Hacker Newsnew | past | comments | ask | show | jobs | submitlogin

* I see your point on not standardizing on one framework. Generally when that has happened for me, it turns into a new service and it has its own database/tables/migration management. It does get quite annoying, for sure.

* I've seen enough things go wrong that on my teams I do not allow DDL to be executed outside of a controlled process that comes from code. But yeah, if that were to happen, it would annoying to figure out what was done and then try to re-model.

* With Django you can specify exact SQL to run. So you can break up operations into multiple smaller steps... canonical example is building a new column based on an old column. You first add the column with NULL. Then you populate in batches of ~10k records. Then you add on the constraints/indexes.

* I haven't used Django with sharding. It appears there are some posts about it, but it all appears to be community generated content and not part of the official docs.

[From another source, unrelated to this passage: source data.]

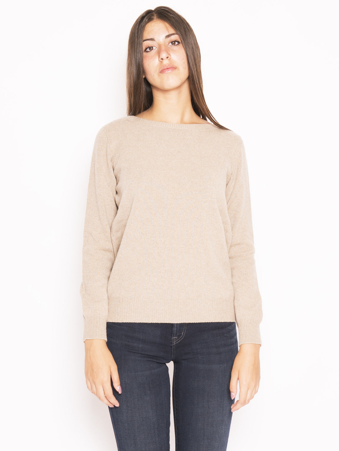 Maglia Girocollo in Lana e Cashmere Beige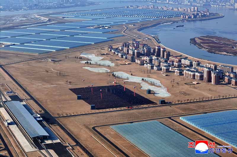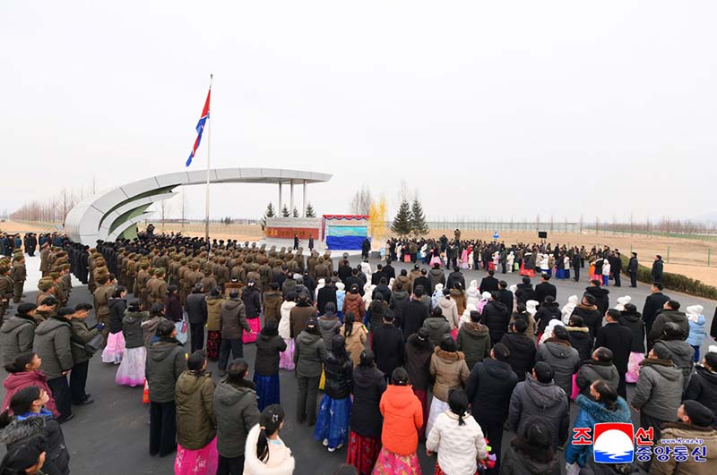 金正恩総書記は、党の雄大な地方発展構想と決心を絶対の真理として受け止め、燃えるような愛国の熱情と勤労の闘いによってこの島地区を新時代の理想的な農場都市に立派に変貌させたわが軍の将兵と青年建設者に温かい激励のあいさつを送った。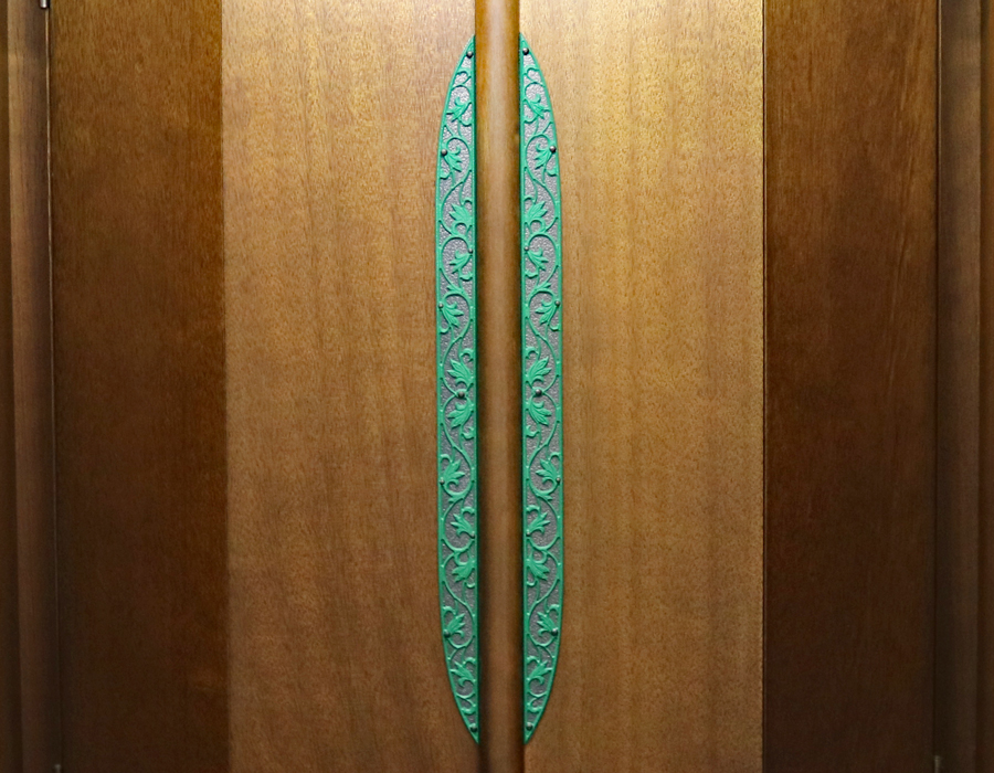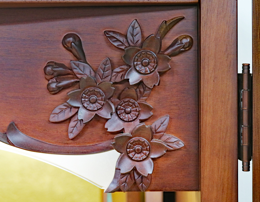 すりガラスや桜の彫刻など、洗練された欄間デザインとなっております。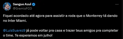 Até um possível pedido de retorno do craque foi pedido nas redes sociais. “Fiquei acordado até agora para assistir a roda que o Monterrey está dando no Inter Miami. Já pode voltar para casa e trazer teus amigos para completar o time. Te esperamos em julho”, afirmou.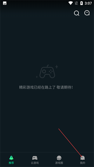 2、在APP首页(推荐页),可查看平台游戏相关动态,当前显示游戏内容待上线;点击底部“我的”入口进入个人中心。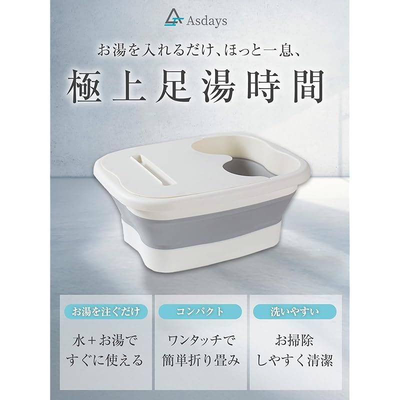 商品名:Asdays 足湯 大容量 折りたたみ 蓋付き フットバス 泡脚桶 足湯 持ち運び便利 折りたたみバケツ (ホワイト)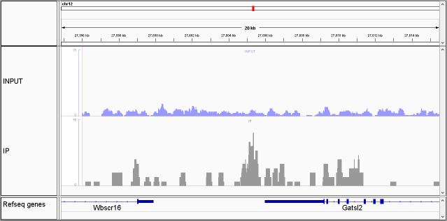 Fig 3. ChIP-Seq signals of IP and input are visualized together in the IGV software.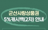 군산 박인석 기자2025. 11.11[뉴스채널]군산시가 행정안전부로부터 지역사랑상품권 발행 관련 특별지원 국비 보조금을 추가로 교부받아 특별 캐시백 적립 혜택을 제공한다. 혜택은 11월 10일부터 예산이 소진될 때까지 시행되며, 모바일형 및 카드형 군산사랑상품권을 사용하는 시민이 대상이다. 예산은 집행이 우수한 전국 32곳에만 추가 교부된 특별지원비로 추진되며, 총 171억 4천만 원 규모의 사업 예산에서, 군산시는 8억 6천만 원을 전액 국비로 교부받아 진행한다. 이번 사업으로 시민들은 월 최대 70만 원 사용 시 추가 캐시백 한도 3만 5천 원 혜택을 제공...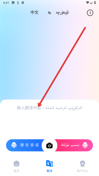 4、在刪除完成后,返回到翻譯頁(yè)面,點(diǎn)擊輸入框繼續(xù)輸入要翻譯的內(nèi)容。

All-in-all, I could see that at a large scale with very mature engineering organizations with lots of activity and complex operations that something like Django could fall short and a home-grown system like this may be beneficial, assuming it were reliable enough.



Sharding is usually handled by patching the QuerySet / ObjectManager, how Citus handles it is a good example: http://docs.citusdata.com/en/v8.1/develop/migration_mt_djang...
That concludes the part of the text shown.